=== RECORDS ===

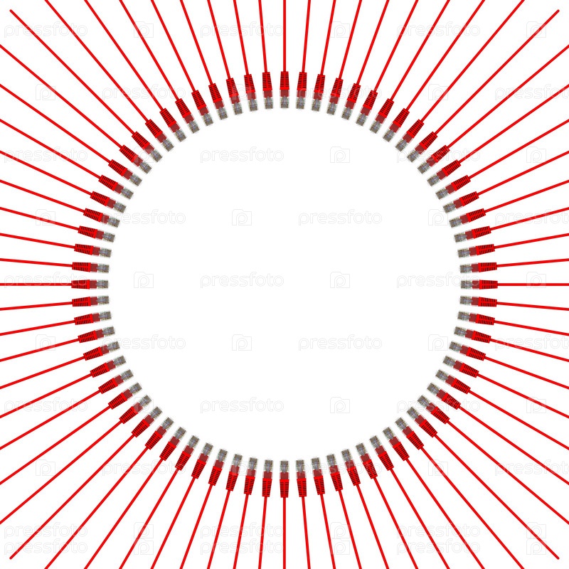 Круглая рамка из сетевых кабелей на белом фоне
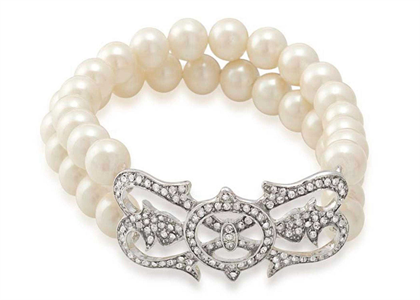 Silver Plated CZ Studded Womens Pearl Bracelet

===
=== RECORDS ===

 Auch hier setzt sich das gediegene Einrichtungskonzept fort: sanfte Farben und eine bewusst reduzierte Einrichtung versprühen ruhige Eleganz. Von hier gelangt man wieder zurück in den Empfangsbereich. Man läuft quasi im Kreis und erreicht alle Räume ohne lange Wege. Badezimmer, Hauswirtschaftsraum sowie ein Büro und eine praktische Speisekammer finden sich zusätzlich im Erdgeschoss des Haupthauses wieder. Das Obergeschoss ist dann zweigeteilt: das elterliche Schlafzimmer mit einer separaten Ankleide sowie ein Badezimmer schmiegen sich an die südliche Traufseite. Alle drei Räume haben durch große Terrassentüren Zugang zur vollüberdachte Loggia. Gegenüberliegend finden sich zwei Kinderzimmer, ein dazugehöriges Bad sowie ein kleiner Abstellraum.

===
=== RECORDS ===

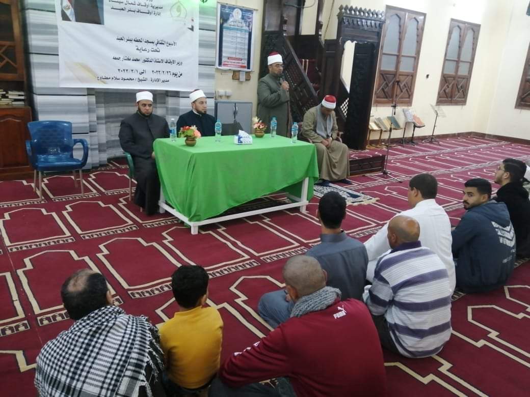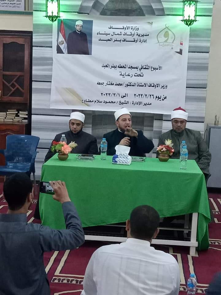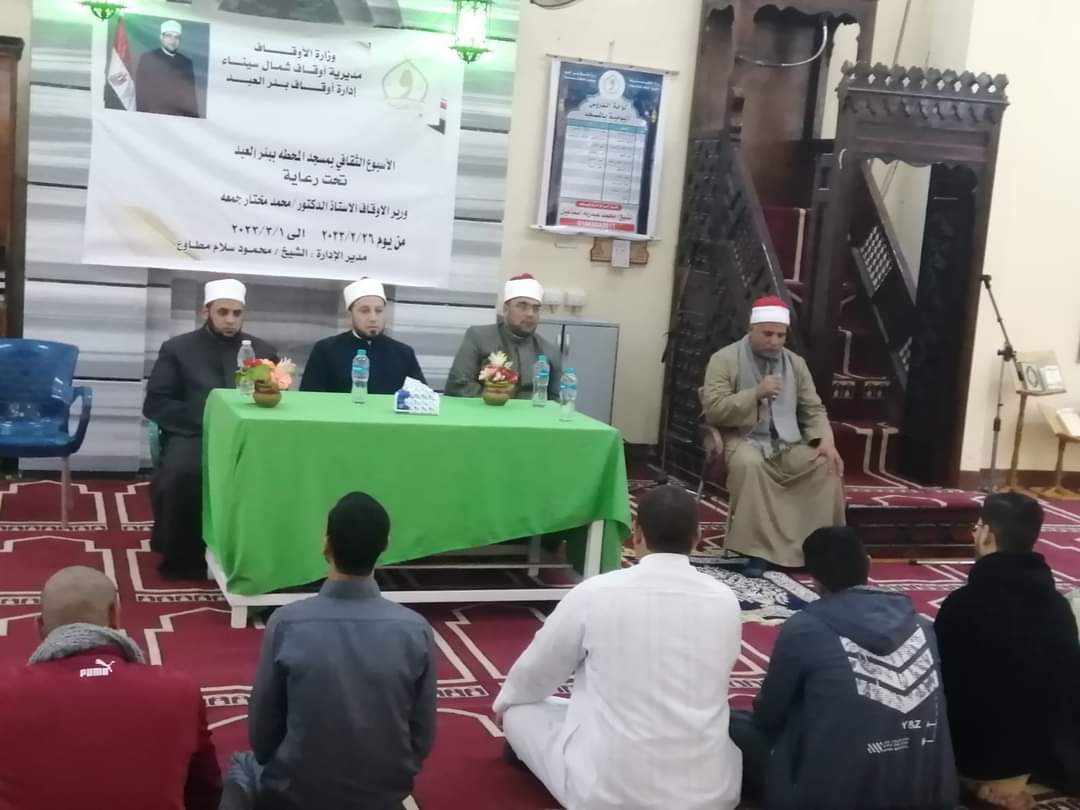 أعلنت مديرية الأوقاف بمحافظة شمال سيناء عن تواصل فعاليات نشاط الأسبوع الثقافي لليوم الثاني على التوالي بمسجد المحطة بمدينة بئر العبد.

===

## WHAT NEEDS TO BE DONE
Starting at the line above that holds "Круглая рамка из", repeat every line exactly down to and including the line that holds "Silver Plated CZ", then stop. Do not carry over any pictures.

## SOLUTION FOR THIS PROBLEM
 Круглая рамка из сетевых кабелей на белом фоне
 Silver Plated CZ Studded Womens Pearl Bracelet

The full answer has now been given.